Она выглядела напряженной. За час до этого Джордж объявил ей и отцу, что намерен жениться на мисс Чэпмен. Чарльз Грей захотел больше узнать о молодой женщине, и при этом выяснилось, что она является членом ЖСПС. Чарльз так рассвирепел, что даже Морин с трудом удалось его успокоить.

– Но зачем ты об этом сказал? – спросила Фрэнсис брата, когда тот сообщил ей о разговоре с родителями; выглядел он при этом совершенно подавленным.

Джордж обреченно пожал плечами.

– Иначе это сказала бы она. Когда-нибудь, сегодня или завтра, отец все равно спросил бы, чем она занимается.

– И тогда она сказала бы правду?

Джордж засмеялся, но его смех был безрадостным.

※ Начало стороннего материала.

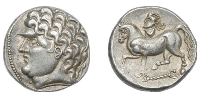
Fig. 11. Kroisbachi típus (MNM ET A 2008A.4.1.)

– Можешь быть уверена! Благородная сдержанность, к сожалению, не присуща Элис. Она бы на все лады расписывала ему их идеалы и постаралась бы убедить его в необходимости за них бороться. Ты можешь себе вообразить, как бы они схватились!

Так что он принял на себя весь гнев отца. Чарльз в конечном счете категорически заявил, что он не потерпит в своем доме «эту особу». Только благодаря Морин, владеющей искусством убеждения, наконец согласился до отъезда пары принять у себя в Уэстхилле Элис Чэпмен.

Морин, которая как раз накрывала в столовой стол к ужину, отвлеклась на минуту от своих мрачных мыслей о будущем сына и неожиданных проблемах и пристально посмотрела на Фрэнсис.

– Ты грустишь, потому что Джон не приехал? – спросила она. – И почему ты такая бледная? Что-то плохо выглядишь…

Фрэнсис еще не отошла от действия сигареты.

– Мне действительно неважно, – сказала она, – но это не имеет никакого отношения к Джону. Он мне довольно безразличен, честно говоря. Однако я думаю, что я не буду ужинать.

– Садись с нами и попробуй все же что-то съесть. Вечер и без того не задался, да еще ты хандришь… Боже мой, неужели Джордж не мог найти себе какую-нибудь другую девушку?

Постепенно собрались все члены семьи. Во главе стола сидел Чарльз Грей. Он, как обычно, появился к ужину в темном костюме, светло-сером жилете и с шелковым галстуком. Чарльз утратил статус, который принадлежал ему с рождения, но тем более старался придерживаться определенных традиций. К ним относились элегантная одежда, свечи по вечерам и семья в полном составе из числа присутствующих. Он очень переживал, что смог предоставить в распоряжение Морин только одну-единственную помощницу по ведению хозяйства в доме – энергичную Аделину. На другой прислуге он вынужден был экономить, поскольку хотел, чтобы его дети учились в престижных школах.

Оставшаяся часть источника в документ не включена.